Although Safe Haven does successfully conjure a bit of suspense in its final act (if only because everything before it is so bland and soporific), it is still cursed with its damnable source material. In his infinite authorial skill, Sparks gives us not one but two twists in the film’s second half. The first twist is visible from space, but I can safely say you will not see the second twist coming. And why is that? BECAUSE IT IS A FUCKING BULLSHIT TWIST. It is eye-gougingly absurd, a total and complete ass-rape of the tacit rules of storytelling. You will know it when it happens, and if you do see it, I strongly encourage you to scream FUCK YOU NICHOLAS SPARKS right in the middle of the theater.

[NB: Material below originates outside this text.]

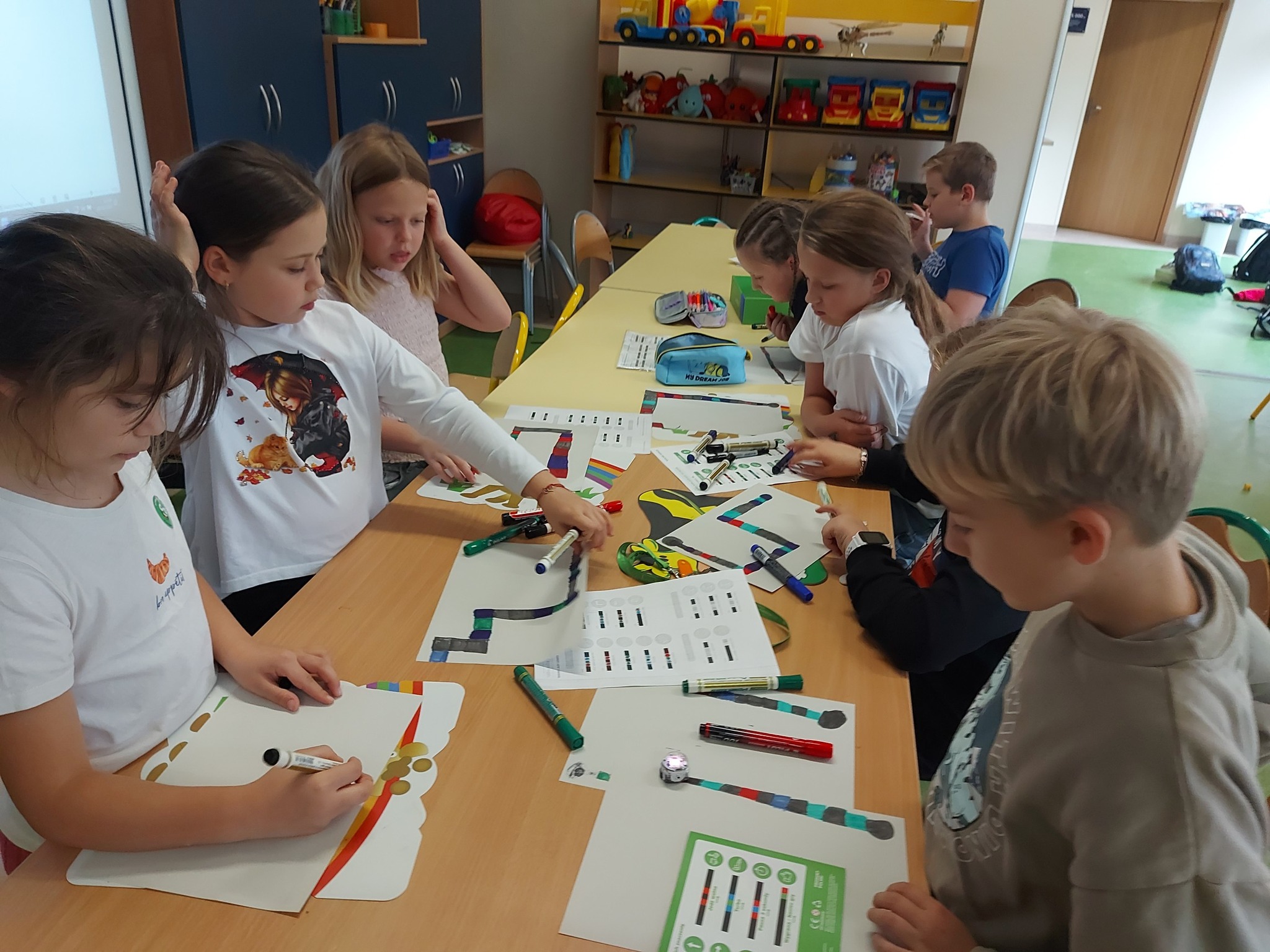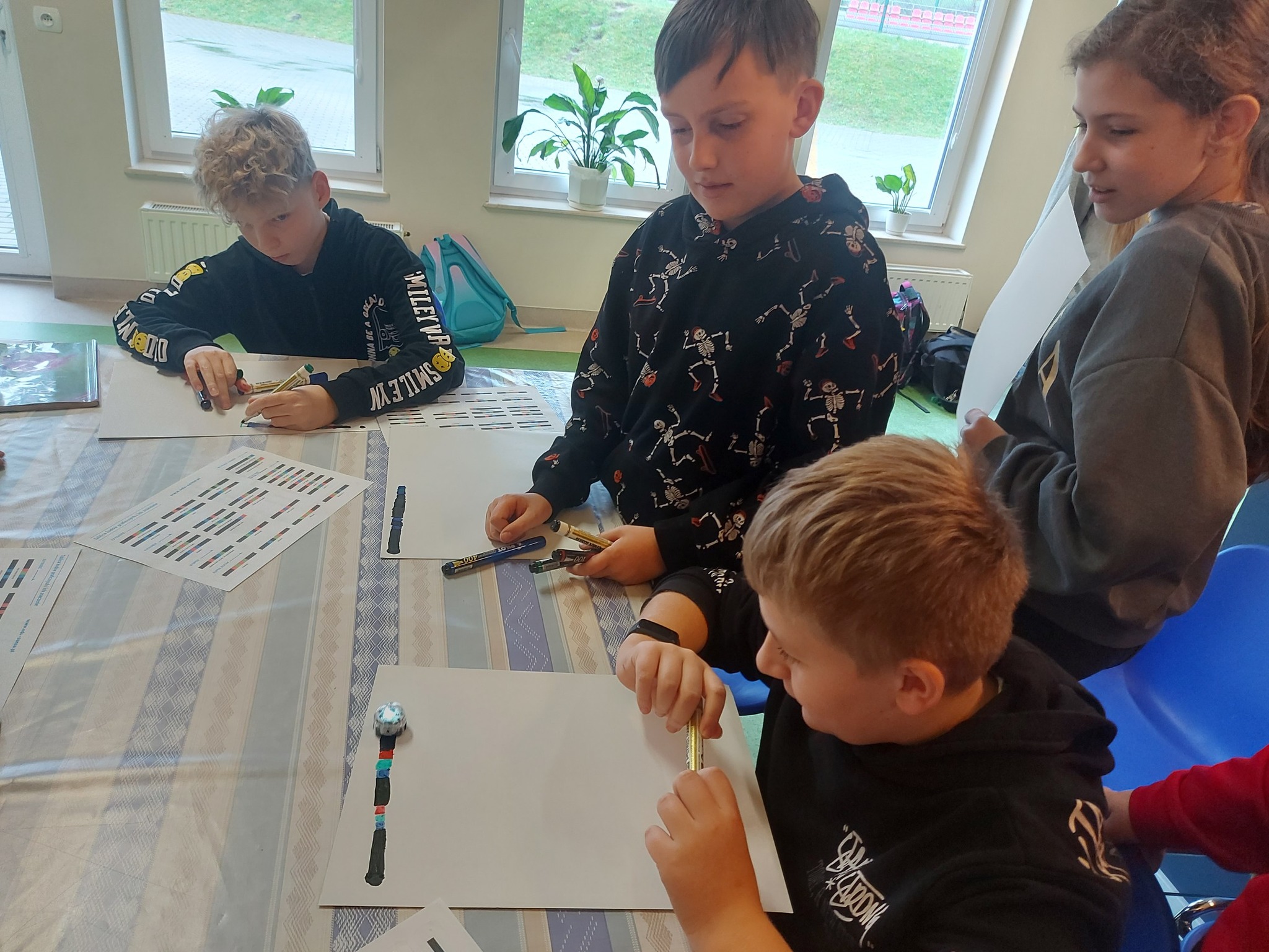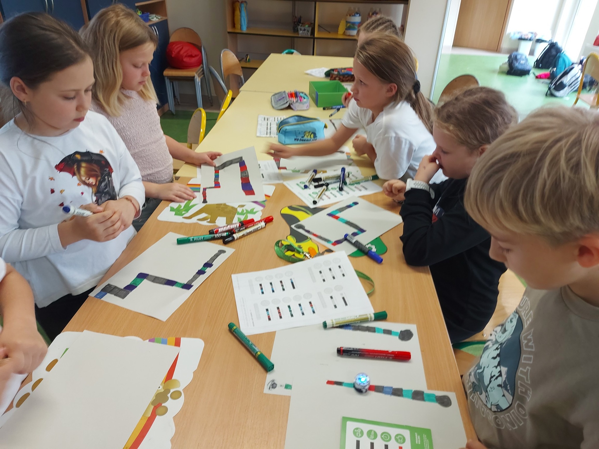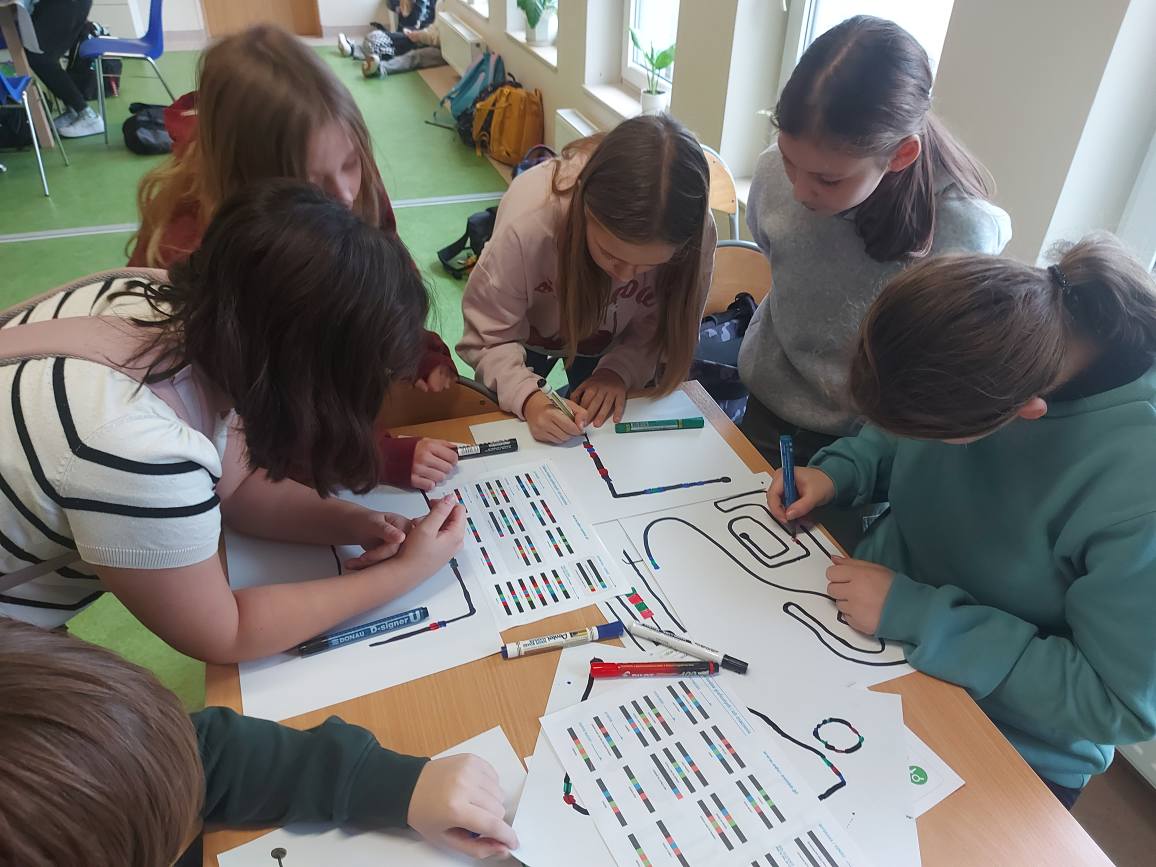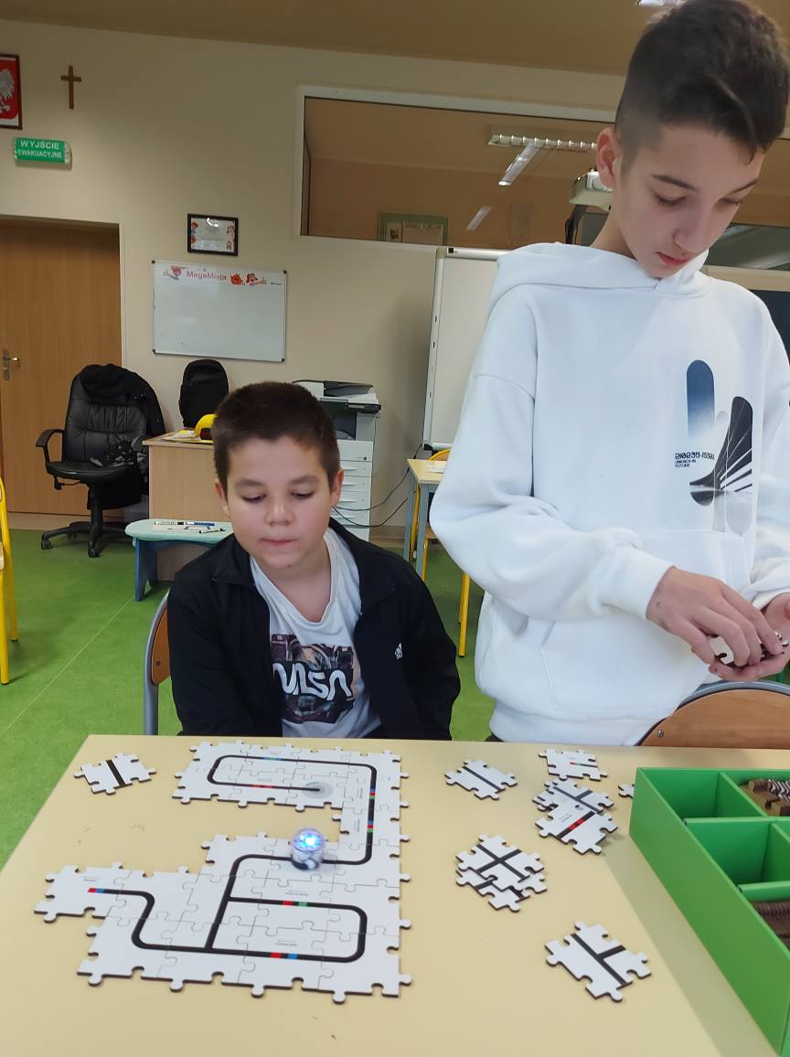 Na naszych stolikach pojawiły się małe, ale superinteligentne roboty Ozoboty 🤖💡, które dzięki kolorowym kodom ruszały w niezwykłe podróże po wcześniej zaplanowanych trasach. Uczniowie projektowali ścieżki pełne zakrętów, pułapek, zadań i niespodzianek 🎨🛤️ — a każdy poprawnie dobrany kolor oznaczał nowe polecenie dla robota!

There’s actually another twist I really expected the movie to take, and although it didn’t happen, it’s what I choose to remember about Safe Haven. Shortly after Katie relocates to Southport, she discovers a woman standing on her porch, staring into her windows. The woman jumps when Katie calls out to her, then strides over and introduces herself as Jo (Cobie Smulders). She has a far more masculine energy than Katie, tall, plain-faced, and deep-voiced, leering at her wolfishly as Katie exudes feminine cuteness. The two bond over the fact that they both live in cabins, and Jo says how excited she is to meet another “rustically inclined woman.” Ahem. From that moment forward, Jo is just around Katie constantly, hanging at the cabin and accompanying her on every walk. And her name is Jo. And she is rustically inclined. JO IS OBVIOUSLY A LESBIAN. And although Nicholas Sparks is apparently ignorant of this fact, it’s still the highlight of the imaginary movie that played in my mind while I sat through this nonsense.

Safe Haven opens nationwide today.

One thought on “Film Review: Safe Haven

  1. Oh My God. ThankYOU. Somebody actually agrees with me! I knew Jo was gay throughout the whole movie and I was praying that something would happen between Jo and Katie, but then I had to sit through this boring, dull movie about a Barbie and Ken relationship. I love Cobie Smulders <3

    Sincerely, a grumpy bisexual who didn't enjoy this movie, except for the Jo/Kate scenes.